Task description: Retype the lines from the first one in the records down to the line containing "Die Gaggia New", counting both, and leave out any pictures.

Data records:
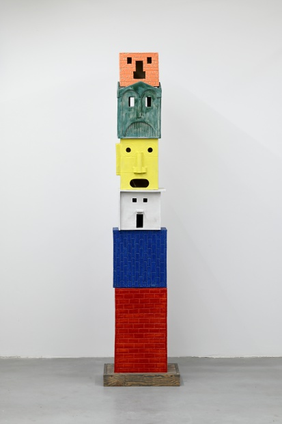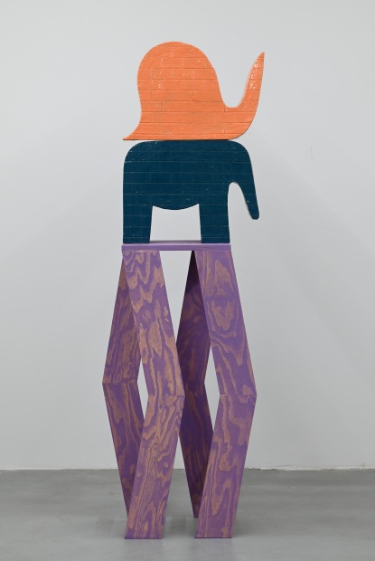 Koen Taselaar, A Snail And An Elephant, 2023, glazed stoneware, hard-wax oil on wood, 165 x 56 x 30 cm
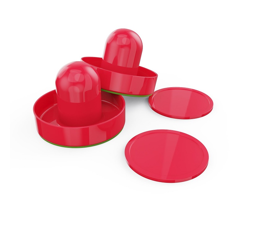Диаметр бит составляет 65 мм, шайб — 55 мм. В комплект входят: 2 шайбы, 2 биты и механические счётчики очков — всё, что нужно для начала игры. Вы сможете устроить настоящий турнир дома или в компании друзей!
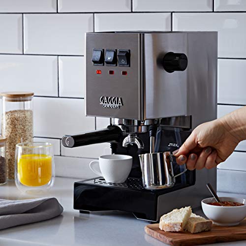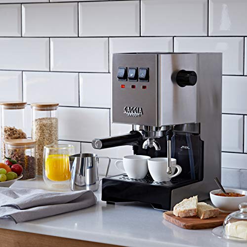 Die Gaggia New Classic Veröffentlichung mit professionellem verchromten Messing Siebträger und Edelstahl Dampflanze. Espresso zubereiten wie der Barist – zu Hause.
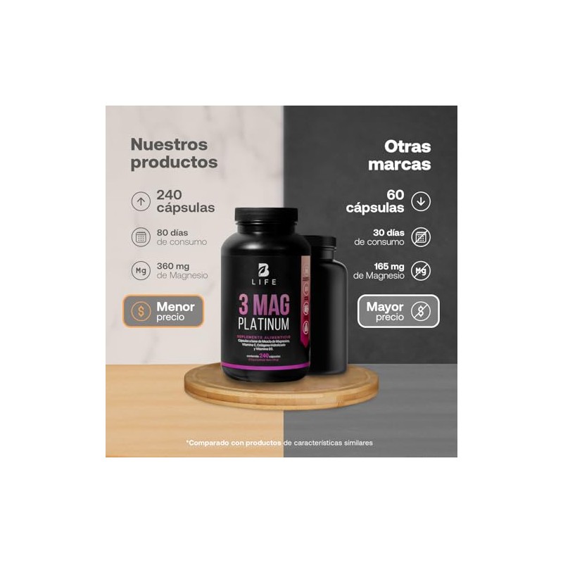 B Life Company - Mezcla de Magnesios Premium con 240 Cápsulas 1500 mg por poción. Adicionado con Colágeno Hidrolizado, Vitamina D3 y Vitamina C. 3 Mag Platinum B Life.. 🚀 Producto más vendido con miles de clientes satisfechos. Materiales de alta gama y acabados premium. 🏆 Recomendado por expertos. Ideal para quienes buscan lo mejor en calidad y estilo. Producto auténtico con satisfacción total asegurada. ¡No te quedes sin el tuyo y aprovecha esta oportunidad única!
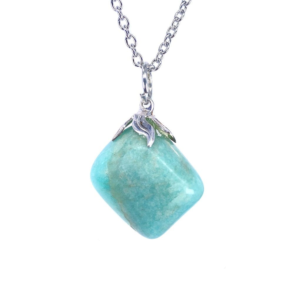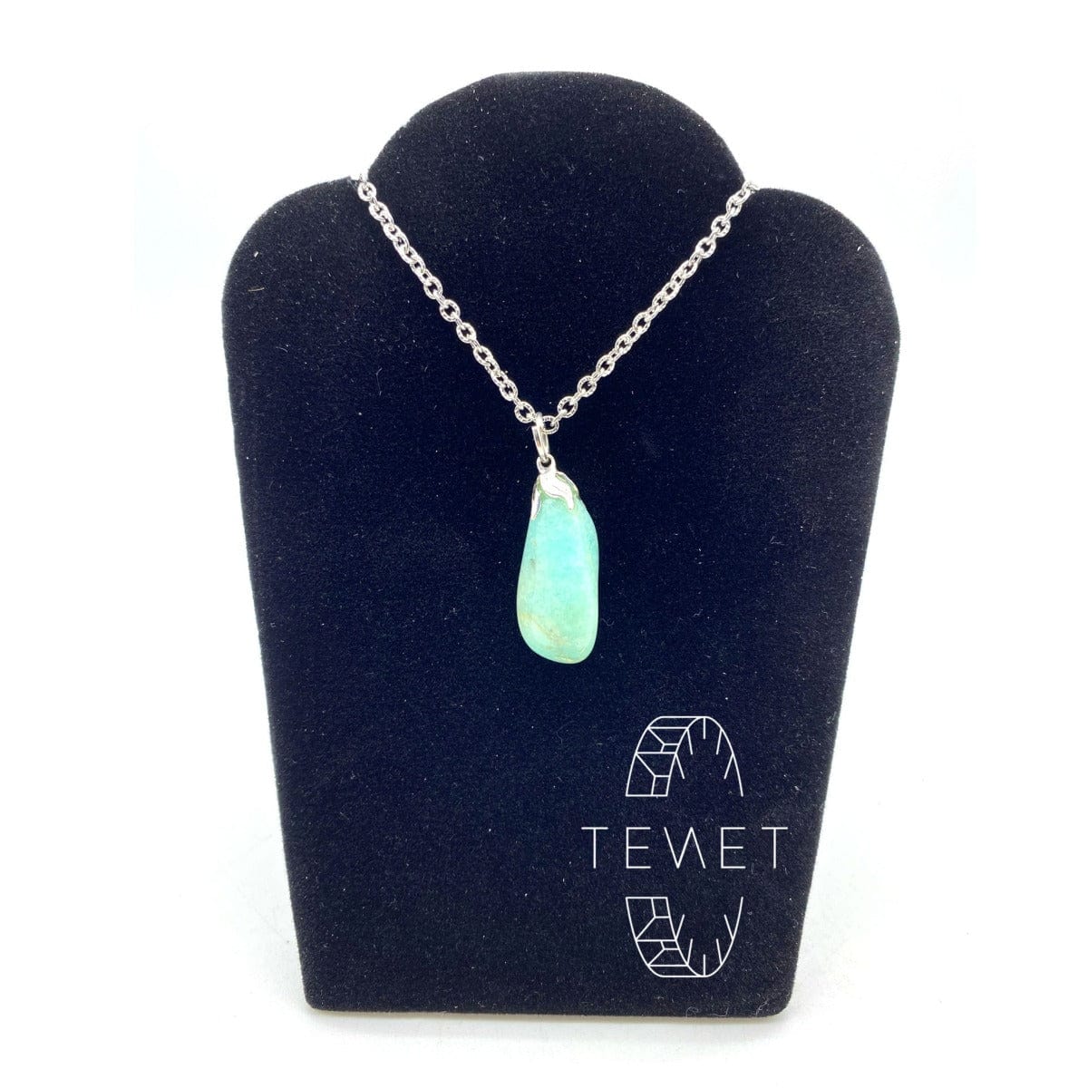 Ciondolo in Amazzonite liscia naturale, disponibile con catenina in acciaio inox o filo in caucciù nero. Per le proprietà dell'Amazzonite clicca qui.

Exercise answer:
 Koen Taselaar, A Snail And An Elephant, 2023, glazed stoneware, hard-wax oil on wood, 165 x 56 x 30 cm
Диаметр бит составляет 65 мм, шайб — 55 мм. В комплект входят: 2 шайбы, 2 биты и механические счётчики очков — всё, что нужно для начала игры. Вы сможете устроить настоящий турнир дома или в компании друзей!
 Die Gaggia New Classic Veröffentlichung mit professionellem verchromten Messing Siebträger und Edelstahl Dampflanze. Espresso zubereiten wie der Barist – zu Hause.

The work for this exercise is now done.